» Data below
========================================

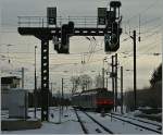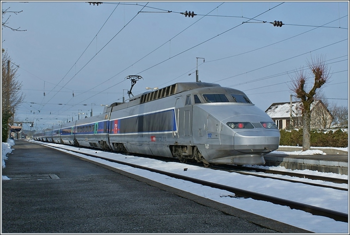 Der TGV "Ligne de Coeur" (Rame 112) ist von Lausanne nach Paris Gare de Lyon unterwegs und wartet nach einem kurzen Halt in Frasne auf die Weiterfahrt.
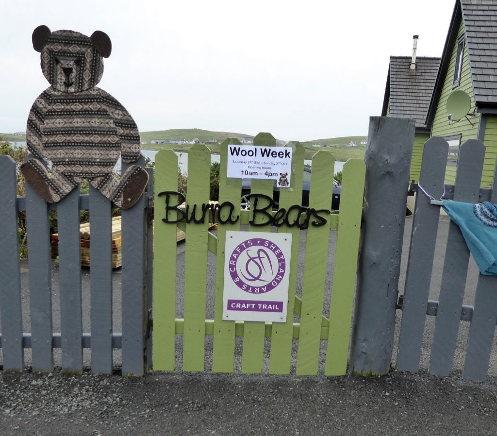 The Burra Bears studio is beautifully situated in Houss on East Burra, with sheep grazing on the hill slopes, and with the firth (I hope this is the right word for the bay between East and West Burra) on the west side. I didn’t take photos in the workshop, but here’s one from outside:
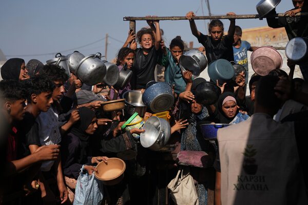 Palestinians wait to get donated sugar and rice at a community kitchen in Khan Younis.Abdel Kareem Hana/The Associated Press
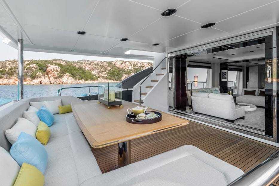A Grande igazi álomhajó: az állandó személyzet két kabinja mellett a vendégek négy kétszemélyes lakosztályban pihenhetnek, a három szinten pedig hét fürdőszoba áll a rendelkezésükre. A jacht nemcsak elegáns és jól felszerelt, de gyors is: a cirkálósebessége körülbelül 22 km/óra, de akár 52 km/órára is képes gyorsulni.

========================================

» Description of the task
A word-for-word copy of the lines from the one with "The Burra Bears" through the final line of the listing above is the whole answer, and it contains no pictures.

» Answer to this problem
 The Burra Bears studio is beautifully situated in Houss on East Burra, with sheep grazing on the hill slopes, and with the firth (I hope this is the right word for the bay between East and West Burra) on the west side. I didn’t take photos in the workshop, but here’s one from outside:
 Palestinians wait to get donated sugar and rice at a community kitchen in Khan Younis.Abdel Kareem Hana/The Associated Press
A Grande igazi álomhajó: az állandó személyzet két kabinja mellett a vendégek négy kétszemélyes lakosztályban pihenhetnek, a három szinten pedig hét fürdőszoba áll a rendelkezésükre. A jacht nemcsak elegáns és jól felszerelt, de gyors is: a cirkálósebessége körülbelül 22 km/óra, de akár 52 km/órára is képes gyorsulni.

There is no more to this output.